Originally posted by DeepThought
But you still have enough energy to keep you going past what otherwise would be the heat death of the universe - assuming moderate energy use and no really significant increase in population in the meantime. As long as our population doesn't increase by more than a factor of a million or so we can survive as a species for trillions of years on the cumul ...[text shortened]... a matter of feasibility. Once it's set up it's great, but setting it up is close to impossible.
I think it safe to rule out using entire galaxies as energy sources for sure. Besides, we are still in our infancy of physics, which has only been around for a couple thousand years at best, compare that to the age of Earth. The exponential growth in physics has only been around for about 100 to 200 years. a sniff in the time line of Earth, much less the universe.
The gist of that statement is this:
We have no idea where physics will be in another 100 years much less 1000 years or 1 million years assuming we as a civilization don't off ourselves in the meantime.

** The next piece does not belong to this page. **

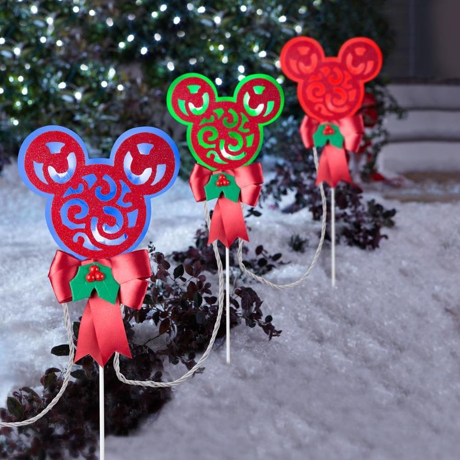 Set of 3 pathway stakes with beautiful color morphing™ technologystakes in the outline of mickey's head decorated with ornate red scrolling Part of the Disney magic holiday™ collectionfeatures bright, energy-efficient LED lighting Features bright, energy-efficient LED lighting Perfect for outdoor Christmas decorations Mix and match with other items from the collection to create the Disney holiday of your dreams Part of the Disney magic holiday collection Available exclusively at ARB265W © Disney
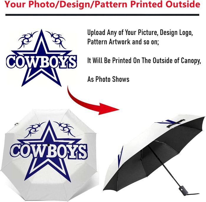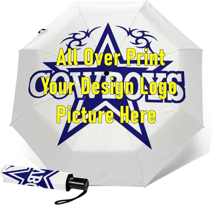This is an multipurpose foldable umbrella Your pictures logo pattern design name or text designs and so on can be all over printed on the canopy it’s the unique customized umbrella; Also this umbrella has a variety of useful functions: Excellent water resistant Perfect UV blocking Auto open and Auto close Strong wind resistant Lightweight and Portable etc.

So given that we might be around after a thousand more years of growth in the sciences, we can't in all honesty say whether a Dyson sphere is even what would happen in an advanced civilization.
My guess is it would be a last resort effort.
My guess is that some other means of extreme energy will be found that obviates the need for a Dyson sphere in the first place, like my dream physics:
We find a simple almost energy free way to convert matter into anti-matter and then it is a simple matter to just combine the two to generate as much energy as anyone would ever want, a LOT more then would ever come out of a star, pound for pound.
Or something out of quantum physics tapping vacuum energy or some such.
I think it more likely that some kind of scientific development like that is much more likely to come about negating the need for any kind of large scale structure like a Dyson sphere.
With matter/antimatter generators, you only need micrograms of conversion for a person to have all the energy one would ever need for heating, cooling, cooking, transportation and industry, most industries anyway, for the heavy stuff you might even need a couple of MILLIgrams🙂
So my bet would be on the future advancement of physics we can barely imagine today.
Hyper super insulators, where one mm would equal 100 meters of blown glass insulation capable of holding off 100,000 degrees C on one side and absolute zero on the other side, hyper conductors where you get zero resistivity and full Meissner magnetic effects but working at 5000 degrees C and such for starters.
Supermagnetism like 1000 tesla magnets making tiny fusion reactors a reality.
Those are just the wish list of ordinary physics, not even going into exotic quantum effects like a real wormhole into other universes or a billion light years from home kind of thing.